NBN Co has reported $3.8 billion in revenue for the first three quarters of the 2022 financial year, a 10 percent jump from the corresponding period last year, which was largely due to a decrease in NBN’s subscription payments to telcos.
In the nine months to 31 March 2022, the government-owned corporation paid $174 million in subscriber costs to Telstra and Optus, which was an 83 percent reduction from the $1.05 billion of payments it made in the prior corresponding period.
The network provider said in a statement yesterday that “NBN Co reaffirmed its expectation and guidance that these payments will cease during financial year 2023.”
The future of the special access undertaking (SAU), which sets the terms and conditions for internet providers to access the NBN until 2040, hangs in the balance as the Australian Competition and Consumer Commission and NBN have continued to duel over NBN’s Co’s proposed revisions of the pricing arrangements.

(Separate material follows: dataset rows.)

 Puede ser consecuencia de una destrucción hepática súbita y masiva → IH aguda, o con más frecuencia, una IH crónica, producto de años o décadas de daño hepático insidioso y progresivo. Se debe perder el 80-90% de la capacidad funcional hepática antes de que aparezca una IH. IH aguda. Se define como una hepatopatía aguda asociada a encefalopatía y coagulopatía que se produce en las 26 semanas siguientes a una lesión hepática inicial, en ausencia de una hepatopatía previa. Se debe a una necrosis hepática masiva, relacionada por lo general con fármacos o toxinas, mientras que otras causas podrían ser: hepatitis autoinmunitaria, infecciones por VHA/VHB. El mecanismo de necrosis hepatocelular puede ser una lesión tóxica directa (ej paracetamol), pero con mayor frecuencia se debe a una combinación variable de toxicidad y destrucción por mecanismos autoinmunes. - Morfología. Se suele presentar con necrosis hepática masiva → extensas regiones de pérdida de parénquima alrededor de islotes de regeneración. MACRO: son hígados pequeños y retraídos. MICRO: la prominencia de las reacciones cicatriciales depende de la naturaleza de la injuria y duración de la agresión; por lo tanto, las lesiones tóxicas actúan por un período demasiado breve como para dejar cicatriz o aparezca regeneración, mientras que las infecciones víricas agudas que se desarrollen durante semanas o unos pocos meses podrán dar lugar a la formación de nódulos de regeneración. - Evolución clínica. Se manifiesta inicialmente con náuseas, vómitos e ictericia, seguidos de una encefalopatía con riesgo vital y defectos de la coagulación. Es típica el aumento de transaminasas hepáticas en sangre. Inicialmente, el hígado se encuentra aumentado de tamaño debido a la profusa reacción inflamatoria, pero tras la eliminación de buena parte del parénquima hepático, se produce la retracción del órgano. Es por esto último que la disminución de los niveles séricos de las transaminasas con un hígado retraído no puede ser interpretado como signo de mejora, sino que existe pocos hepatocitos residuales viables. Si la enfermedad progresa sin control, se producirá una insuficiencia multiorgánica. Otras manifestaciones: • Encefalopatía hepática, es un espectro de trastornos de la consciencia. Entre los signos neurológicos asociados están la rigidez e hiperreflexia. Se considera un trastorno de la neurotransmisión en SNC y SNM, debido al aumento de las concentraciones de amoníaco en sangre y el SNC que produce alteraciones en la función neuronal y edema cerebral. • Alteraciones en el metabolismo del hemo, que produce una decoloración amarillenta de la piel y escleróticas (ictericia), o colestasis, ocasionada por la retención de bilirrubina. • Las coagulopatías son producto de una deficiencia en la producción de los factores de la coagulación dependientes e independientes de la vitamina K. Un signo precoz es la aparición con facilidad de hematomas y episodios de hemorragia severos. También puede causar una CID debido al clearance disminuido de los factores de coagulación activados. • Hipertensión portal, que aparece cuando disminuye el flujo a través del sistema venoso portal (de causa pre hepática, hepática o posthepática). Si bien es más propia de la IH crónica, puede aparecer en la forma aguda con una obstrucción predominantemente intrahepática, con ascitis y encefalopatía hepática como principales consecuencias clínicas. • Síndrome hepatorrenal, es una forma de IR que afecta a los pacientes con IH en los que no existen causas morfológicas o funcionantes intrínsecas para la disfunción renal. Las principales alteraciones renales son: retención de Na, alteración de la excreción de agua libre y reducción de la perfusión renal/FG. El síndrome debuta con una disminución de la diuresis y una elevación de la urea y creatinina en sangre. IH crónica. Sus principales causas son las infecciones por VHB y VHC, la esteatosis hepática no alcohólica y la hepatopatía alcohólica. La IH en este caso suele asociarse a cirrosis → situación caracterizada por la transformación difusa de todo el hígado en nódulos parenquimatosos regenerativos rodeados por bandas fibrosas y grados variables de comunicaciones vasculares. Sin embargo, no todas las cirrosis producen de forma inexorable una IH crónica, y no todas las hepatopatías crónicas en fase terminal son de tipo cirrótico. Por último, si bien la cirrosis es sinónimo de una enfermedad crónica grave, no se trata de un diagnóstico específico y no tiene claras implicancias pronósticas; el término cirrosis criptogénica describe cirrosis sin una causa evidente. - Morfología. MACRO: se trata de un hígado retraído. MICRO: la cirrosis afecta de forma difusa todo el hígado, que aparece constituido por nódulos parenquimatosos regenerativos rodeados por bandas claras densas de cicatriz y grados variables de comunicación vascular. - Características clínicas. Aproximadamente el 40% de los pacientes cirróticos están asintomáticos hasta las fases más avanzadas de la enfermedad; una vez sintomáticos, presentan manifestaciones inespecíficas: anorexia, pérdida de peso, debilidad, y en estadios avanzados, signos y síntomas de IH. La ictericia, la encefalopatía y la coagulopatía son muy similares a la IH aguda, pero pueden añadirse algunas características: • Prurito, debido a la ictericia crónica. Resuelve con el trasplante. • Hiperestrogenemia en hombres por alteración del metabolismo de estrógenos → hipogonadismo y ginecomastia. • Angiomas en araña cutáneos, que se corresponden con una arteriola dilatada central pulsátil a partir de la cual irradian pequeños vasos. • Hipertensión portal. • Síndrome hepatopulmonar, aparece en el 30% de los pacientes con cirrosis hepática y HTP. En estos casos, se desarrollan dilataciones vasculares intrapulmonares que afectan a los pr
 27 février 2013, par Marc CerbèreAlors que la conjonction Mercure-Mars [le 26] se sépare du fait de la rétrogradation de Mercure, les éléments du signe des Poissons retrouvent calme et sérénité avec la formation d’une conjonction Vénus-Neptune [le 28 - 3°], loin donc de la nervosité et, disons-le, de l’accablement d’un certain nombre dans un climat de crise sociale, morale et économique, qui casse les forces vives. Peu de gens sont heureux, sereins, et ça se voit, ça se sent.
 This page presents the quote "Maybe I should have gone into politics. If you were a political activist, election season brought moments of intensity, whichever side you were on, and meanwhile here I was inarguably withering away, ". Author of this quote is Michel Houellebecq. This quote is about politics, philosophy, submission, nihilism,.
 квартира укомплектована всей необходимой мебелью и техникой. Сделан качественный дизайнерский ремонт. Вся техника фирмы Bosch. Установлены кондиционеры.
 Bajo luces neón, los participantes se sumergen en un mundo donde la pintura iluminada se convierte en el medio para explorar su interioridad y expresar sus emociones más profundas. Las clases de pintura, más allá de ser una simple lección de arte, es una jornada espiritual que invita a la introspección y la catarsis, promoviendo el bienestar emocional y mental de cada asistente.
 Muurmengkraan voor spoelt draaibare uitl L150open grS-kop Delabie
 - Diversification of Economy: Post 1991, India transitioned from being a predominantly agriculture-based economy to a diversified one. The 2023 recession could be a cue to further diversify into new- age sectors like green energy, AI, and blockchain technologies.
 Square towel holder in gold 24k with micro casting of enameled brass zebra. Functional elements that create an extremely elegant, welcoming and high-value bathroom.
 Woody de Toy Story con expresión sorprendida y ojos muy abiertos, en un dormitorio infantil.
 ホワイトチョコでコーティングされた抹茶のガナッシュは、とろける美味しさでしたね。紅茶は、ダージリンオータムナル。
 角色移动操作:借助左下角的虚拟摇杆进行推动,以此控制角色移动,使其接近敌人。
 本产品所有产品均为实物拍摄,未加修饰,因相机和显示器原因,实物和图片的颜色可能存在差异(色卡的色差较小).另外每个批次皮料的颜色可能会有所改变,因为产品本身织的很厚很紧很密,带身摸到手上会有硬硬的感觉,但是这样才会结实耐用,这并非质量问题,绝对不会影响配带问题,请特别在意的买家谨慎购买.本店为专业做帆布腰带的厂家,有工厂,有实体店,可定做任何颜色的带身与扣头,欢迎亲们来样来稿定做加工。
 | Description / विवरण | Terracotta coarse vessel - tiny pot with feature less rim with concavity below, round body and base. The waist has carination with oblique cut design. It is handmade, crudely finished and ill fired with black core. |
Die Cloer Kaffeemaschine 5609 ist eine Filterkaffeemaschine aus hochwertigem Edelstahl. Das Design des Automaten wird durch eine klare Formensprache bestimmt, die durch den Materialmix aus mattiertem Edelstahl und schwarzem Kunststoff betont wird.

ACCC commissioner Anna Brakey has said the special access undertaking “hasn’t operated in the way the ACCC and industry intended”, and the current regulatory framework “has the potential to drive prices much higher than they need to be.”
EBITDA, including subscriber costs, was $2.3 billion at the end of the 2022 financial year's third quarter, a $1.4 billion increase from the corresponding nine-month period.
NBN said its strong performance was “primarily due to growth in activations and customers upgrading to higher speed tiers.”
76 percent of residential and business customers were connected to plans based on nbn wholesale speed tiers with peak download speeds of 50 Mbps and above, which the company said was a 71 percent increase from last year.
Residential average revenue per user in the third quarter was $46, which was roughly even with the corresponding period. However, revenue from business customers increased to approximately $750 million, which was an increase of 22 percent from the prior corresponding nine-month period.